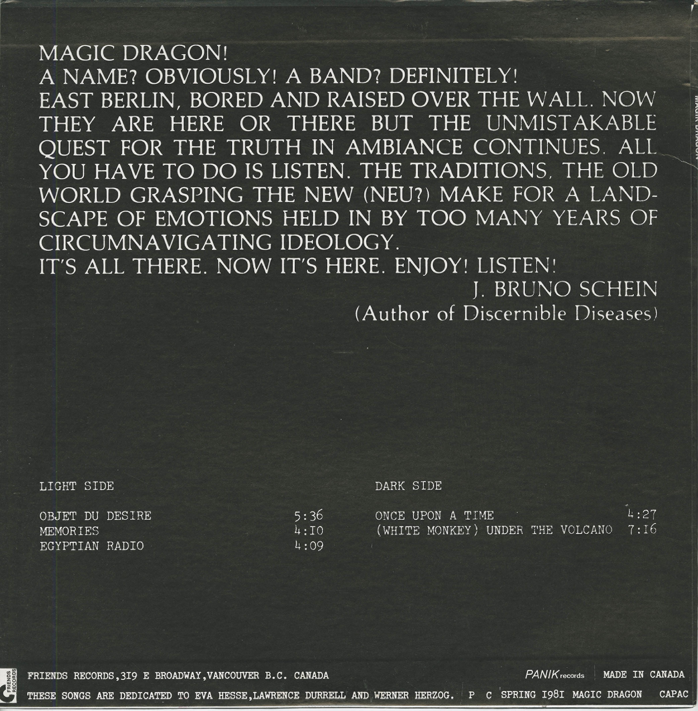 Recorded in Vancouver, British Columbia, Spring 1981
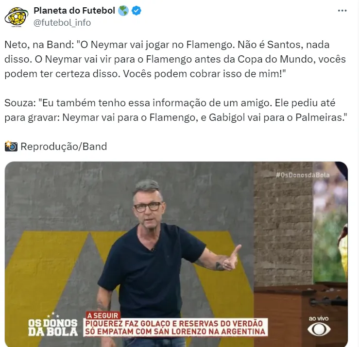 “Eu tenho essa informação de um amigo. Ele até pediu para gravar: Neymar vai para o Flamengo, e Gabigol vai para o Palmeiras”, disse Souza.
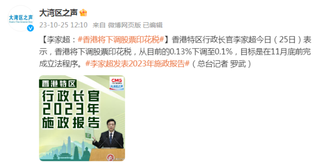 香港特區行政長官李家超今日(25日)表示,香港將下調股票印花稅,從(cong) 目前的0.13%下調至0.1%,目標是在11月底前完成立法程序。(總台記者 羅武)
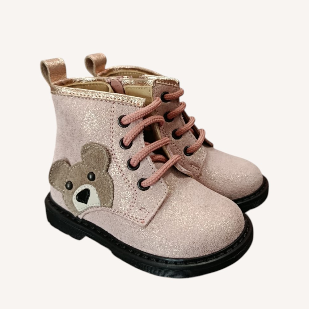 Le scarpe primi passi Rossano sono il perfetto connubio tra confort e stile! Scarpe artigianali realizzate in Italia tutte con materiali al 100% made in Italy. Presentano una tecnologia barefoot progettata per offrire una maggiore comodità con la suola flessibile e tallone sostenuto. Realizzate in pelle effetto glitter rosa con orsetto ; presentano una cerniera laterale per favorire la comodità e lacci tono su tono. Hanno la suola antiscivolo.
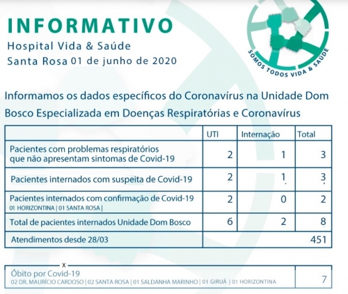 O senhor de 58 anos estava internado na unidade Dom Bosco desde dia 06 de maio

§ Exercise directions: Give the entries again, exactly and in full, with no image included.

§ Expected answer:
 Recorded in Vancouver, British Columbia, Spring 1981
 “Eu tenho essa informação de um amigo. Ele até pediu para gravar: Neymar vai para o Flamengo, e Gabigol vai para o Palmeiras”, disse Souza.
 香港特區行政長官李家超今日(25日)表示,香港將下調股票印花稅,從(cong) 目前的0.13%下調至0.1%,目標是在11月底前完成立法程序。(總台記者 羅武)
 Le scarpe primi passi Rossano sono il perfetto connubio tra confort e stile! Scarpe artigianali realizzate in Italia tutte con materiali al 100% made in Italy. Presentano una tecnologia barefoot progettata per offrire una maggiore comodità con la suola flessibile e tallone sostenuto. Realizzate in pelle effetto glitter rosa con orsetto ; presentano una cerniera laterale per favorire la comodità e lacci tono su tono. Hanno la suola antiscivolo.
 O senhor de 58 anos estava internado na unidade Dom Bosco desde dia 06 de maio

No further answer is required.